Jakarta, Aktual.com — Setelah tidak menemukan solusi pada tingkat pemerintah daerah, pertambangan rakyat yang dinaungi konsorsium koperasi membawa permasalahannya ke meja Kementerian Energi dan Sumber Daya Mineral (ESDM).
Bendahara umum konsorsium koperasi, Mansur Latakka menceritakan, sejak mereka menemukan cadangan emas di Pulau Buru yang memiliki potensi kandungan sekitar 1.750 Ton, maka setelah diurus perizinan konsorsium koperasi mendapatkan 10 ha per koperasi sebagai Izin Pertambangan Rakyat (IPR)
“Luas pertambangan yang ditetapkan pemerintah sesuai UU seluas 250 ha, di dalam 250 ini koperasi diberi izin 10 ha per satu koperasi dan ada 5 koperasi, idealnya koperasi harus 25 ha, tapi untuk membentuk koperasi diperlukan modal, makannya kami 5 ha dulu, berati baru 50 ha yang digarap koperasi dari luas area pertambangan 250 ha itu,” kata Mansur di kantor Kementerian ESDM Jakarta, Senin (13/6).
Namun pihak PT Buana Pratama Sejahtera (BPS) yang dimiliki Edi Winata berupaya ingin merampas lahan yang digarap oleh rakyat dengan aksi premanisme dan meneror para pekerja di pertambangan rakyat.
Lahan yang telah digarap oleh rakyat sejak 3 tahun lalu, akhirnya berhenti beroperasi terhitung enam bulan lalu hingga saat ini.

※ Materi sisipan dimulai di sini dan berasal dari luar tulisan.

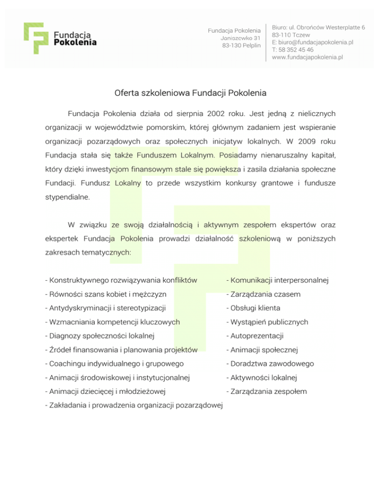Oferta szkoleniowa Fundacji Pokolenia Fundacja Pokolenia działa od sierpnia 2002 roku. Jest jedną z nielicznych organizacji w województwie pomorskim, której głównym zadaniem jest wspieranie organizacji pozarządowych oraz społecznych inicjatyw lokalnych. W 2009 roku Fundacja stała się także Funduszem Lokalnym. Posiadamy nienaruszalny kapitał, który dzięki inwestycjom finansowym stale się powiększa i zasila działania społeczne Fundacji. Fundusz Lokalny to przede wszystkim konkursy grantowe i fundusze stypendialne. W związku ze swoją działalnością i aktywnym zespołem ekspertów oraz ekspertek Fundacja Pokolenia prowadzi działalność szkoleniową w poniższych zakresach tematycznych: - Konstruktywnego rozwiązywania konfliktów - Komunikacji interpersonalnej - Równości szans kobiet i mężczyzn - Zarządzania czasem - Antydyskryminacji i stereotypizacji - Obsługi klienta - Wzmacniania kompetencji kluczowych - Wystąpień publicznych - Diagnozy społeczności lokalnej - Autoprezentacji - Źródeł finansowania i planowania projektów - Animacji społecznej - Coachingu indywidualnego i grupowego - Doradztwa zawodowego - Animacji środowiskowej i instytucjonalnej - Aktywności lokalnej - Animacji dziecięcej i młodzieżowej - Zarządzania zespołem - Zakładania i prowadzenia organizacji pozarządowej Prowadzimy również szkolenia dla wolontariuszy oraz organizacji i instytucji współpracujących, a także konsultacje dotyczące źródeł finansowania i mobilnych technologii. Kierujemy swoją ofertę również do szkół: oferujemy szkolenia z debat oksfordzkich, zakładanie szkolnych klubów debatanckich oraz szkolnych klubów wolontariackich. Oprócz w tego Fundacja Pokolenia dysponuje zasobami szkoleniowymi zakresach: współpracy z mediami, warsztatów z zakresu obróbki dźwięku, tworzenia materiałów audio i video, pisania artykułów, przygotowywania dziennikarskiego, promocji, marketingu i reklamy. Prowadzimy także Eurolekcje (zajęcia dla młodzieży i osób pracujących z młodzieżą, dotyczące takich tematów jak praca, studia, wolontariat za granicą oraz możliwości związane z członkostwem Polski w Unii Europejskiej). Z Fundacją Pokolenia współpracuje również doświadczona grupa animacyjna (szczudlarze, pokazy fireshow, modelowanie balonów, taniec, zabawy z chustą animacyjną, animacja dziecięca itp.), która działa na wielu imprezach plenerowych o różnym charakterze. Mamy również możliwość stworzenia plenerowej pracowni sztuki użytkowej (tworzenie przypinek, nadruków na torby płócienne i koszulki), jak również przygotowywania powyższych materiałów we własnym zakresie i przekazanie ich po wcześniejszym uzgodnieniu warunków. Ważną częścią działalności Fundacji są także warsztaty plastyczne (Street Art., działania w przestrzeni publicznej/miejskiej, tworzenie szablonów, wlepek itp.), które są praktyczną formą rozwinięcia zdolności artystycznych i poznania nowych form wyrazu. Zachęcamy do kontaktu w sprawie szczegółów! Z poważaniem Zespół Fundacji Pokolenia Fundacja Pokolenia (biuro) Ul. Kołłątaja 9, 83-110 Tczew Tel. 58 352 45 46 Adres e-mail: [email protected]
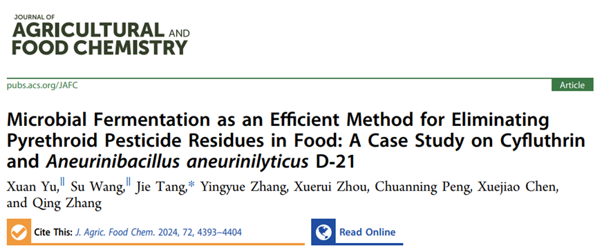 余萱,王素,唐洁(通讯作者)等在《Journal of Agricultural and Food Chemistry》期刊中发表的“Microbial Fermentation as an Efficient Method for Eliminating Pyrethroid Pesticide Residues in Food: A Case Study on Cyfluthrin and Aneurinibacillus aneurinilyticus D21发现从传统发酵食品——郫县豆瓣中筛选得到的解硫胺素芽孢杆菌D-21可以有效降解氟氯氰菊酯,并将全基因组和代谢组数据结合分析揭示了氟氯氰菊酯生物降解的新途径。
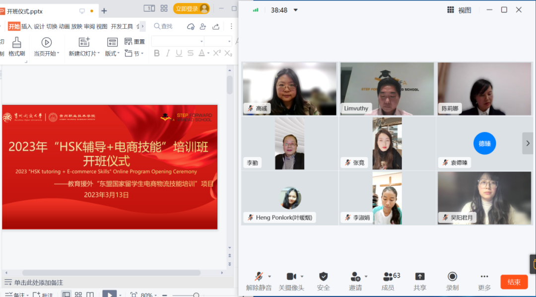 In order to further enhance the exchange and cooperation between our school and ASEAN countries, promote the "Chinese + vocational" education, and help the development of "One Belt and One Road", our school has customized a three-month online training of "HSK tutoring + E-commerce skills" for 50 Cambodian students. At 7 PM on March 13, 2023, Chinese and Cambodian teachers and students met online and held an class opening ceremony.

Mansur menduga upaya yang dilakukan PT BPS ingin mencaplok lahan pertambangan rakyat yang selanjutnya beralih menjadi Izin Usaha Pertambangan (IUP).
‘Mereka ingin mencaplok kita punya wilayah seperti yang terjadi di Freeport, oknum-oknum yang meneror para pekerja dan mencegah kami masuk, mereka di-support BPS dengan finansial mereka yang sangat kuat, mereka juga bergabung dengan China, karena tambang ini menggiurkan untuk dijadikan IUP,” pungkasnya.